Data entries
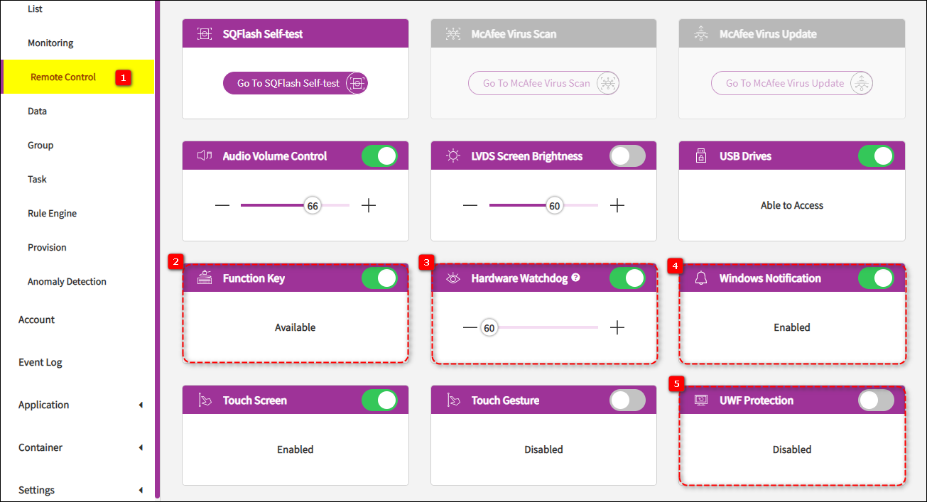 Step 4: Now back to DeviceOn portal. Click βDeviceβ menu item, then βRemote Controlβ tab. And choose proper account, group, and device from βSELECT ACCOUNTβ, βSELECT DEVICE GROUPSβ, and βSELECT DEVICEβ fields accordingly. You can see βFunction Keyβ, βUWF Protectionβ control buttons there. Also, other than these two mentioned, βWatchdog Protectionβ, βWindows Notificationβ and more relevant features are available as you can see.
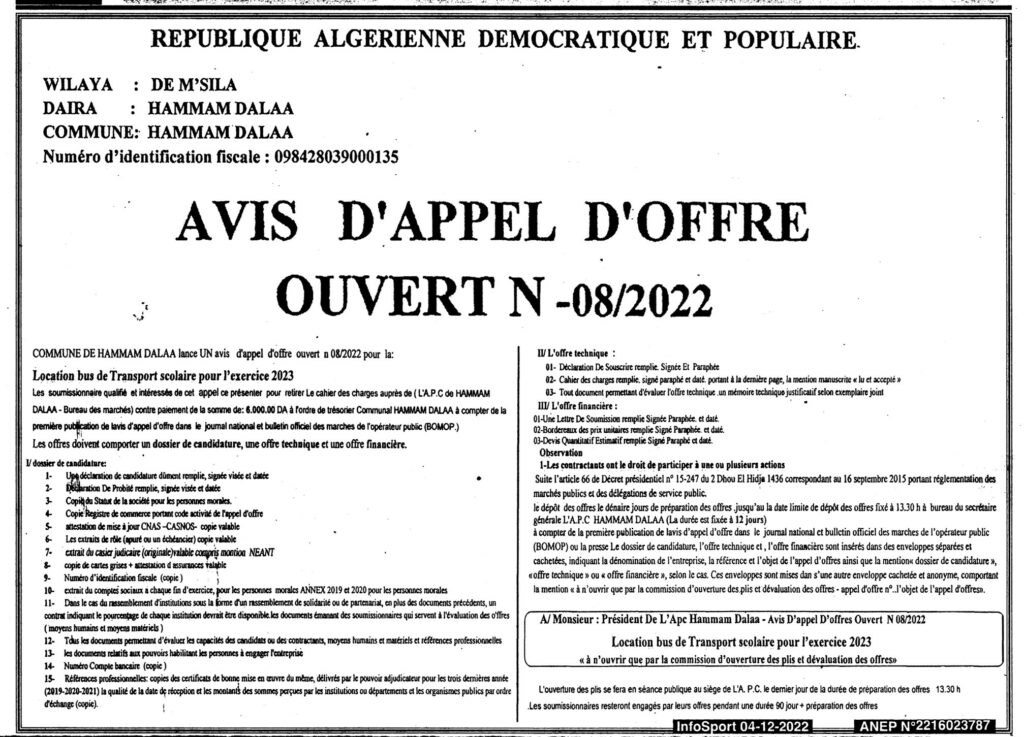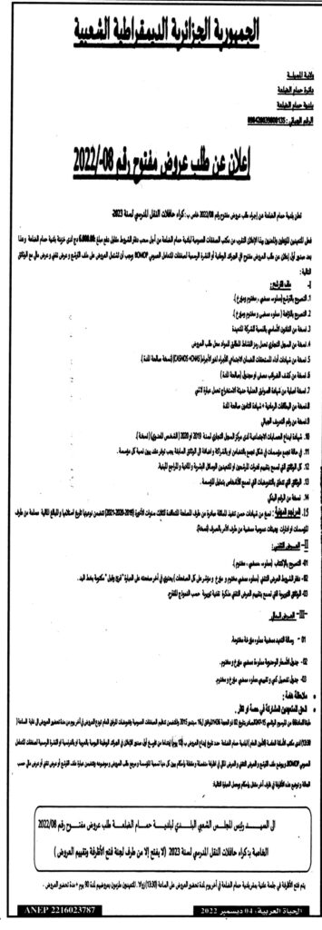 طلب عروض مفتوح مع اشتراط قدرات دنيا لـ: لكراء حافلات النقل المدرسي لسنة 20234 ديسمبر، 20220 5 شاركها فيسبوك X مشاركة عبر البريد طباعة
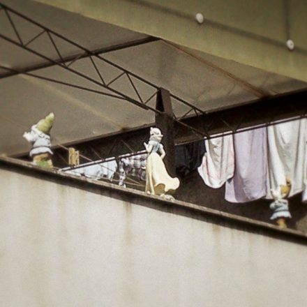 Una strana immagine, quella che ha accompagnato questa edizione del Premio Scenario infanzia. Il parapetto di un balcone, forse stratificato nell’edilizia di un palazzone di provincia, ospita le statuine di Biancaneve e i sette nani. Se ne stanno lì come in equilibrio, dando le spalle agli sguardi che si alzassero dalla strada per osservarli. Ma pare che nessuno li abbia mai notati, prima che fossero fotografati. Loro si rivolgono all’interno, agli abitanti del balcone, contribuendo a una scenografia di panni e salumi appesi ai fili.
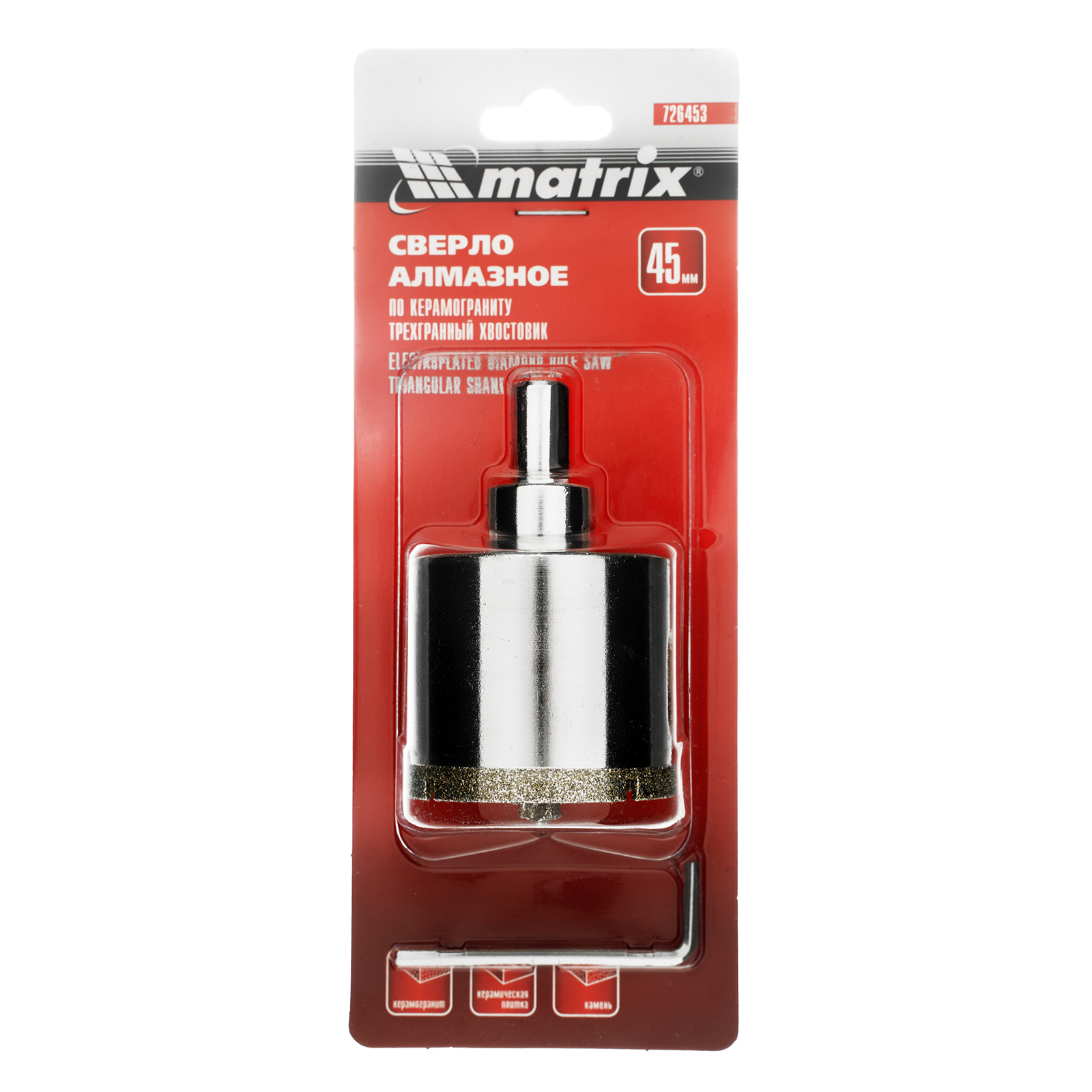 Сверло алмазное по керамограниту, 45 х 67 мм, трехгранный хвостовик Matrix
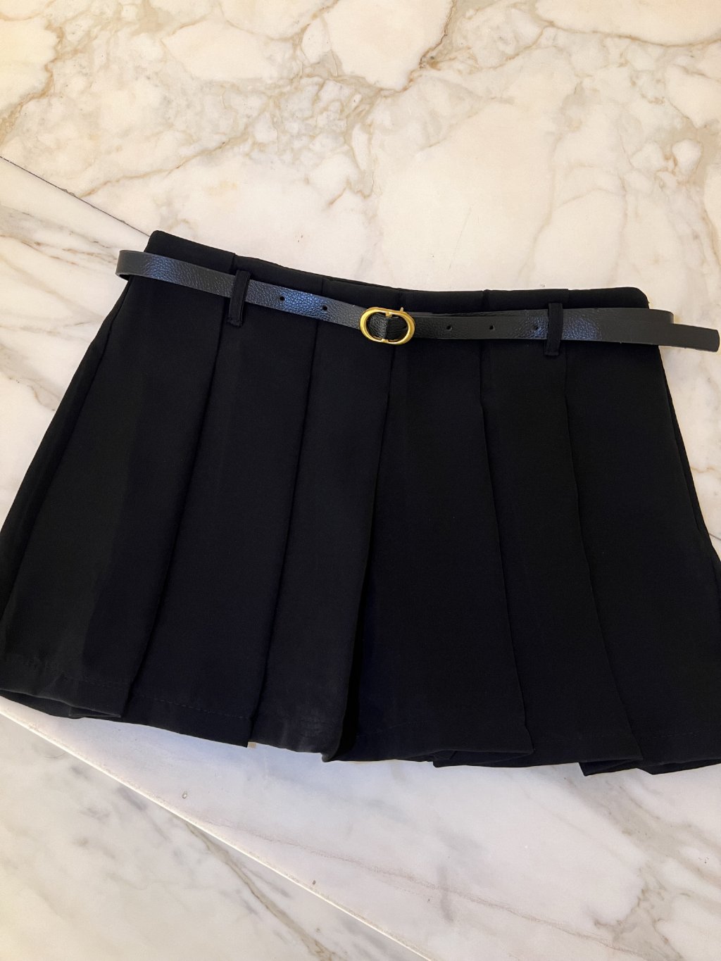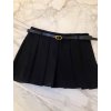 Vyrobeno v Itálii. Elegantní skládaná skort sukně ze sakového materiálu, zadní strana má vzhled šortek. Pásek se zlatou sponou je součástí. Doporučujeme vybírat běžnou velikost. Modelka běžně nosí velikost S, obléká velikost S a měří 170 cm.

- _Required work_: Your output should be the full set of entries above, restated word for word and free of pictures.

- _Task solution_:
 Step 4: Now back to DeviceOn portal. Click βDeviceβ menu item, then βRemote Controlβ tab. And choose proper account, group, and device from βSELECT ACCOUNTβ, βSELECT DEVICE GROUPSβ, and βSELECT DEVICEβ fields accordingly. You can see βFunction Keyβ, βUWF Protectionβ control buttons there. Also, other than these two mentioned, βWatchdog Protectionβ, βWindows Notificationβ and more relevant features are available as you can see.
 طلب عروض مفتوح مع اشتراط قدرات دنيا لـ: لكراء حافلات النقل المدرسي لسنة 20234 ديسمبر، 20220 5 شاركها فيسبوك X مشاركة عبر البريد طباعة
 Una strana immagine, quella che ha accompagnato questa edizione del Premio Scenario infanzia. Il parapetto di un balcone, forse stratificato nell’edilizia di un palazzone di provincia, ospita le statuine di Biancaneve e i sette nani. Se ne stanno lì come in equilibrio, dando le spalle agli sguardi che si alzassero dalla strada per osservarli. Ma pare che nessuno li abbia mai notati, prima che fossero fotografati. Loro si rivolgono all’interno, agli abitanti del balcone, contribuendo a una scenografia di panni e salumi appesi ai fili.
 Сверло алмазное по керамограниту, 45 х 67 мм, трехгранный хвостовик Matrix
 Vyrobeno v Itálii. Elegantní skládaná skort sukně ze sakového materiálu, zadní strana má vzhled šortek. Pásek se zlatou sponou je součástí. Doporučujeme vybírat běžnou velikost. Modelka běžně nosí velikost S, obléká velikost S a měří 170 cm.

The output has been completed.